|
In-Context Clustering with Large Language Models |
Soundness: 1: poor
Presentation: 2: fair
Contribution: 1: poor
Rating: 2: reject
Confidence: 4: You are confident in your assessment, but not absolutely certain. It is unlikely, but not impossible, that you did not understand some parts of the submission or that you are unfamiliar with some pieces of related work. |
This paper proposes and tests using LLMs for “in-context clustering”, where (multimodal) LLMs are presented sequences and are tasked with assigning cluster labels (conditioned on a priori cluster count) to each element. The experiments include (1) synthetic numerical clustering, where points sampled from mixtures of low-dimensional t-distributions with varying degrees of freedom; (2) attention-based analysis, where token-level attention maps are treated as affinity matrices for spectral clustering; (3) LoRA fine-tuning, where the model is trained via next-token prediction on synthetic text prompts containing sample–label pairs; and (4) image experiments, where images and captions from ImageNet are clustered through textual prompts. All experiments report Hungarian-aligned accuracy against true labels and compare only to simple baselines like k-means.
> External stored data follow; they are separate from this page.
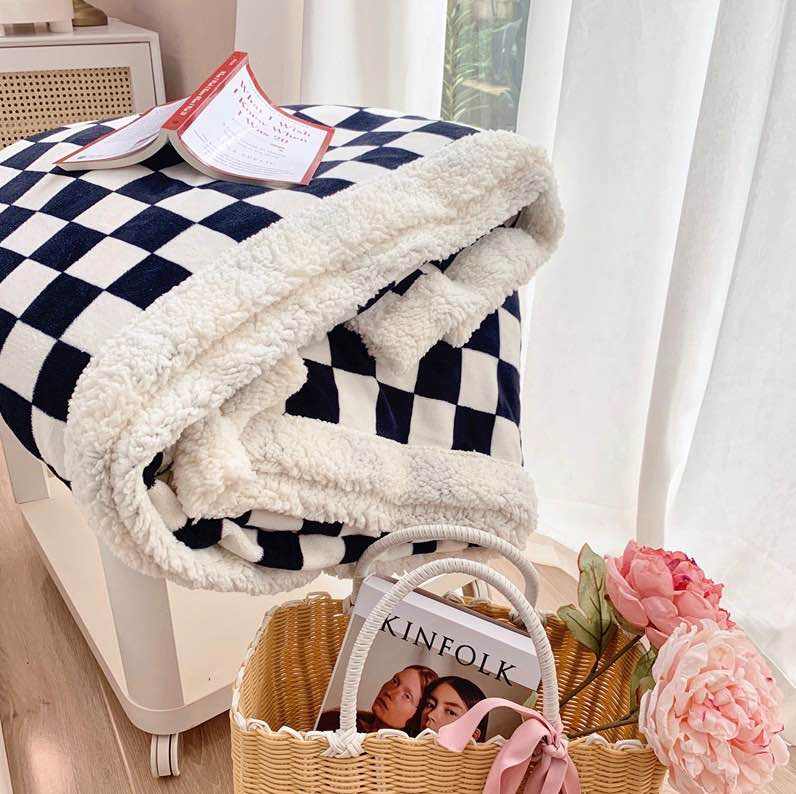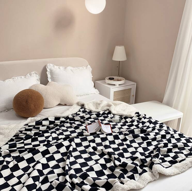 Koc pluszowy narzuta w kratę z barankiem 200x230 czarno-biały
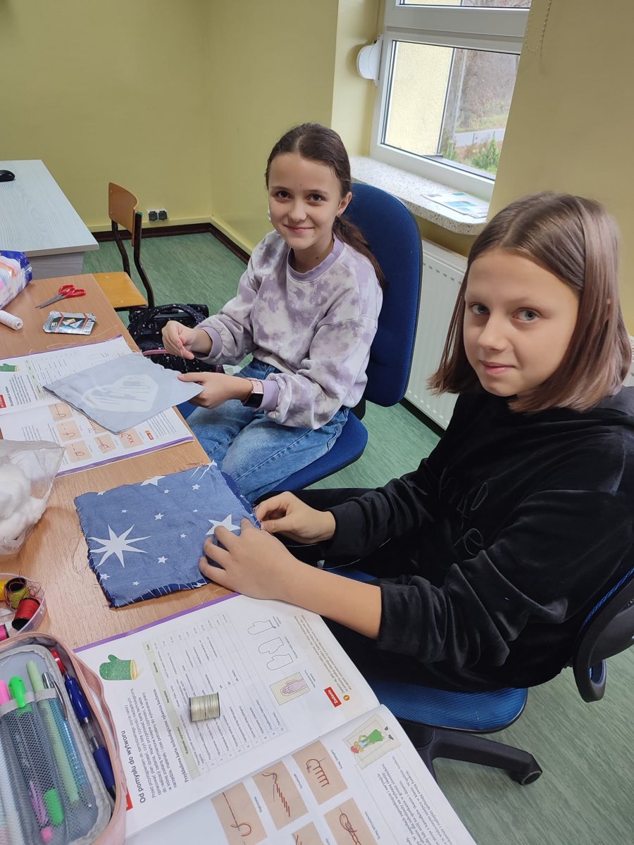 Dla niektórych uczniów było to pierwsze spotkanie ze ściegiem i łączeniem materiałów. Każdy przygotował dla siebie milutką podusię.
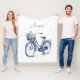 aquarelle peinture d'un vélo avec une corbeille de fleurs dans les couleurs Delft Blue
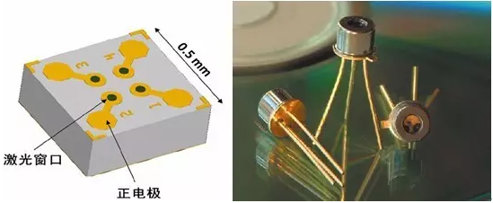 795 nm VCSEL 芯片(左)TO46封裝器件(右)
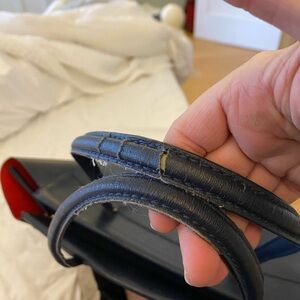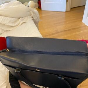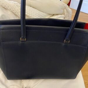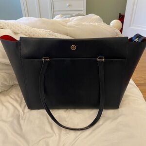 Tory Burch Robinson zip up tote. Navy blue. 19 inches across, 7 inches wide, 11 inches height. Very good condition. A few minor stains on the interior as shown in pictures. Also handle has some damage - shown in pictures and will need small repair. Other wise bag looks great!
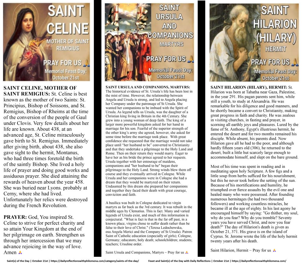 (Direct link to the detailed history of Saint Celine, Saint Ursula and Companions, and Saint Hilarion | https://dailyreflectionswithphilomena.com/saints-of-the-day-feast-day-october-21st/)

- The experiments are reproducible and clearly presented
- Analysis of attention affinity matrices is interesting
- Performance gains are unsurprising: the fine-tuned models are trained on synthetic mixtures drawn from the same/very similar distribution family as the evaluation sets, so improvement simply reflects distributional overlap, not generalizable clustering ability.
- "Classical methods often rely on predefined measures" - I don't agree with this. For example, embedding models trained with contrastive learning transform data onto a low dimensional manifold where local distance meaningfully represents semantic difference.
- Minimal novelty. The pipeline and evaluation duplicate prior IC|TC work, with only superficial framing changes (“in-context” language).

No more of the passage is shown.